Parece que há quem seja tão duro de compreensão que só depois do início de uma segunda temporada de fogos, já depois do episódio de Tancos e de tantos outros eventos “menores” (como aquelas coisas das viagens por conta, das nomeações torrenciais de familiares, etc, etc), parece ter percebido que o actual Governo tem uma política claramente definida desde o início do mandato de não se responsabilizar por nada que corra mal e, no caso de não poder fingir que nada acontecer, passar culpas e vitimizar-se.

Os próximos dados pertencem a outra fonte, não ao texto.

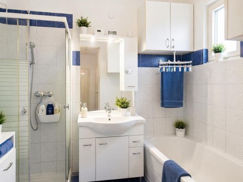 Fürdőszoba káddal és zuhanyzóval, külön WC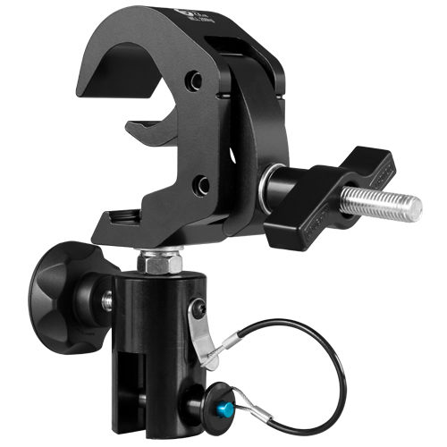 The PNCLMP is a clamp for horizontal adjusting of flown arrays of HSTBR and GRD mounted systems; RR12, QR24, LR7, LR14 and LR18. The clamp is connected to the HSTBR or GRD with a quick release pin, through the fixed hole of the HSTBR, or one of the holes in the GRD (adjusting system tilt).

O ministro Cabrita é apenas mais um numa linhagem longa de governantes que, perante uma situação problemática, tratam de sacudir a água do capote, apontar o dedo a outros e dizerem-se perseguidos ou vítimas de tenebrosas conspirações.

Em quase todos os casos, são apenas incompetentes que não sabem ir mais além e, portanto, precisam de um modo de contra-atacar perante uma opinião pública meio anémica, uma comunicação social vulnerável a “narrativas” em “exclusivo”, um presidente em busca do segundo mandato deste o primeiro dia e uma “oposição” que disso apenas tem o nome.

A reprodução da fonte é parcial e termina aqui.